Das Betriebsrentenstärkungsgesetz ist ein gelungenes Beispiel dafür, wie man ein Gesetzgebungsverfahren erfolgreich und sehr gut vorbereitet. Vor rund zwei Jahren haben die ersten Diskussionen begonnen. Seitdem ist es unserer Ministerin gelungen, die für die Umsetzung zentral wichtigen Sozialpartner nicht nur ins Boot zu holen, sondern auch von dieser Idee zu überzeugen. Das hat mit viel Beharrlichkeit und guter, fundierter wissenschaftlicher Begleitung zu tun, vor allem aber auch mit der Bereitschaft, mit allen Beteiligten ergebnisoffen die Vor- und Nachteile zu diskutieren und abzuwägen. Da schließe ich Ihren Ministerkollegen Herrn Schäuble ausdrücklich ein. Für diesen Einsatz will ich mich an dieser Stelle bedanken.
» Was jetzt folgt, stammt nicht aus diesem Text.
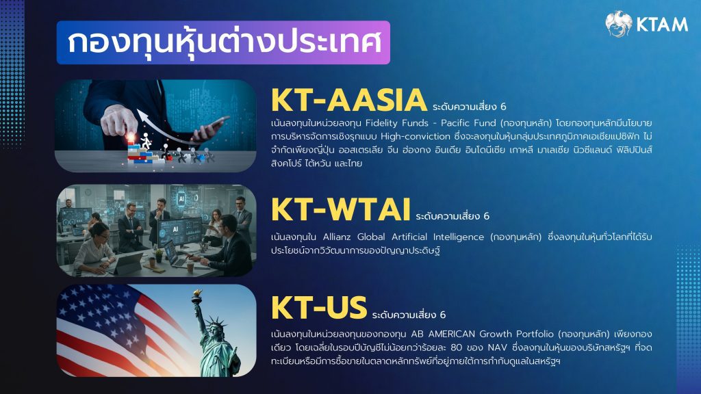 กองทุนเปิดเคแทม เวิลด์ เทคโนโลยี อาร์ทิฟิเชียล อินเทลลิเจนซ์ อิควิตี้ ฟันด์ (KT-WTAI) (ความเสี่ยงระดับ 6) เน้นลงทุนใน Allianz Global Artificial Intelligence (กองทุนหลัก) ซึ่งเน้นลงทุนในหุ้นทั่วโลกที่ได้รับประโยชน์จากวิวัฒนาการของปัญญาประดิษฐ์ ปัจจุบันพอร์ตกองทุนหลักประกอบด้วยหุ้นผู้นำเทคโนโลยี เช่น NVIDIA, Microsoft, Broadcom, Meta และ TSMC ที่เป็นศูนย์กลางของเมกะเทรนด์ AI ในปัจจุบัน (ที่มา: Factsheet ของกองทุนรวมหลัก ณ 31 ก.ค. 2568 ผู้จัดการกองทุนหลักอาจมีการเปลี่ยนแปลงหลักทรัพย์ที่ลงทุนตามดุลยพินิจ) โดยลักษณะที่ทำให้กองทุนนี้โดดเด่น คือการไม่จำกัดการลงทุนเฉพาะ Cloud, Data Center หรือ Semiconductor เท่านั้น แต่ยังเปิดกว้างไปยังอุตสาหกรรมที่สามารถใช้ AI มาสร้างมูลค่าเพิ่ม ซึ่งจะได้รับประโยชน์จากการนำ AI มาปรับปรุงกระบวนการ วิเคราะห์ข้อมูล และเพิ่มประสิทธิภาพการดำเนินงาน สำหรับนักลงทุนระยะยาว กองทุนนี้จึงไม่ใช่เพียง “Pure tech play” แต่เป็นวิธีการลงทุนที่จับธีม AI ในเชิงโครงสร้างได้อย่างครอบคลุมและสมดุลมากกว่า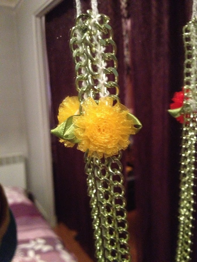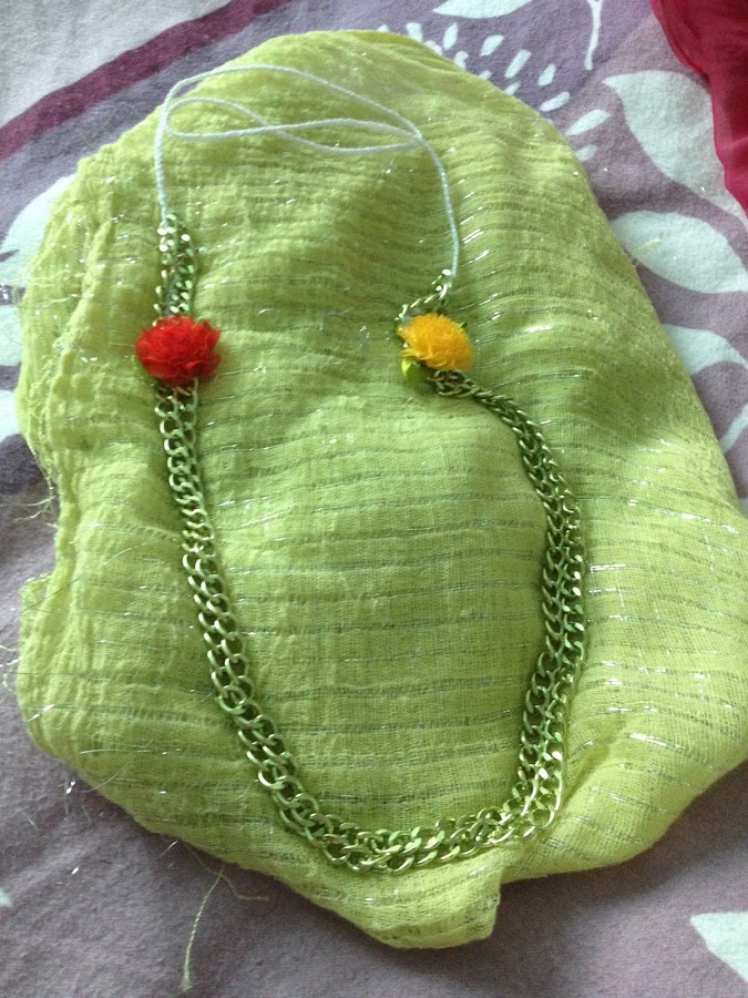 Lleva una cadena de aluminio en color verde hierba, y le cosí dos flores de mercería hechas con tela de organza en colores amarillo y rojo.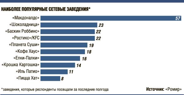 Выяснилось, что восемь из десяти опрошенных горожан с различной частотой посещают сетевые кафе и рестораны. Самым популярным заведением у россиян оказался McDonald’s, который со значительным отрывом лидирует в рейтинге наиболее посещаемых заведений: 57% опрошенных россиян побывали в американской сети фастфуда за последние полгода. Следом идут «Шоколадница» (посетили 23% респондентов), «Баскин Роббинс» (22%), «Ростикс»/KFC (22%) и «Планета суши» (19%). Замыкают десятку посещаемых ресторанов «Иль Патио» (11%) и «Пицца Хат» (8%).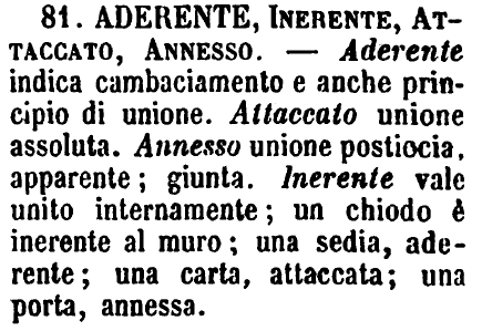 | Aderente, Inerente, Attaccato, Annesso - Aderente indica cambaciamento e anche principio di unione. Attaccato unione assoluta. Annesso unione posticcia, apparente; giunta. Inerente vale unito internamente; un chiodo è inerente al muro; una sedia, aderente; una carta, attaccata; una porta, annessa. [immagine] |

(Beifall bei der SPD und der CDU/CSU)

Die im Gesetz vorgesehenen Maßnahmen sind sehr geeignet, die Verbreitung von Betriebsrenten in kleinen Unternehmen und bei Beschäftigten mit kleinen Einkommen zu steigern. Das wird auch von den Gewerkschaften so gesehen. Natürlich wünschen wir uns eine stärkere Tarifbindung im Land. Das finde ich auch nicht verwerflich, Kollegen. Deswegen haben wir, eingehend auf Ihren Einwand, durch die Möglichkeit der Bezugnahme vorgesehen, tarifvertragliche Regelungen anzuwenden. Die Hinweise, dass es in bestimmten Branchen Schwierigkeiten gibt, will ich gerne aufnehmen. Ich finde es aber sehr erfreulich, dass zum Beispiel Verdi klar sagt, man werde sich aktiv dafür einsetzen, das Sozialpartnermodell umzusetzen.

(Beifall bei der SPD)

Dabei sind die Branchen, im Speziellen der Einzelhandel, angesprochen.

Neben diesem Sozialpartnermodell sind es vor allen Dingen drei Regelungen, die die Betriebsrente attraktiver machen.

Erstens. Zukünftig zahlen Arbeitgeber den Großteil der durch diese Entgeltumwandlung ersparten Beiträge in die Betriebsrente ihrer Beschäftigten ein.

(Matthias W. Birkwald [DIE LINKE]: Warum nicht alles?)

Das ist heutzutage leider nicht die Regel. Es gibt aber, wie ich finde, keinen Grund, warum Arbeitgeber davon profitieren sollten, dass ihre Arbeitnehmer Teile ihres Arbeitslohns umwandeln. Da machen wir jetzt den ersten Schritt. In den jetzt anstehenden Beratungen werden wir deshalb noch einmal klären, ob diese Regelungen nicht auch außerhalb des Sozialpartnerschaftsmodells Anwendung finden sollten.

(Beifall bei der SPD)

Gerade für Arbeitnehmerinnen und Arbeitnehmer, die wenig verdienen – da bin ich ganz bei Ihnen –, ist es wichtig, dass sich die Arbeitgeber an ihrer Betriebsrente beteiligen.

Zweitens. Wir als Staat werden uns deswegen an dieser Arbeitgeberfinanzierung massiv beteiligen. Zahlt der Arbeitgeber einen Beitrag von 240 bis 480 Euro für seinen Beschäftigten, bekommt er bis zu 144 Euro erstattet. Das läuft ganz einfach und simpel über das Steuerabzugsverfahren. In den anstehenden parlamentarischen Beratungen können wir gerne prüfen, ob wir die bisher vorgesehene Lohngrenze in Höhe von 2 000 Euro nicht besser auf 2 500 Euro anheben.

(Beifall bei der SPD)

Drittens. Kolleginnen und Kollegen, wir werden erstmals einen Freibetrag einführen. Das halte ich für extrem wichtig. Wenn ich mit Leuten über die Betriebsrente rede, werde ich ganz oft gefragt: Frau Reimann, lohnt sich die Betriebsrente für mich denn überhaupt? Wenn es schlecht läuft und ich im Alter auf Grundsicherung angewiesen bin, wird die Rente doch angerechnet. Dann habe ich nichts davon und hätte vielleicht das Geld vorher lieber für andere Sachen ausgegeben. – Das finde ich sehr nachvollziehbar. Deshalb finde ich es wichtig, einen Freibetrag einzuführen.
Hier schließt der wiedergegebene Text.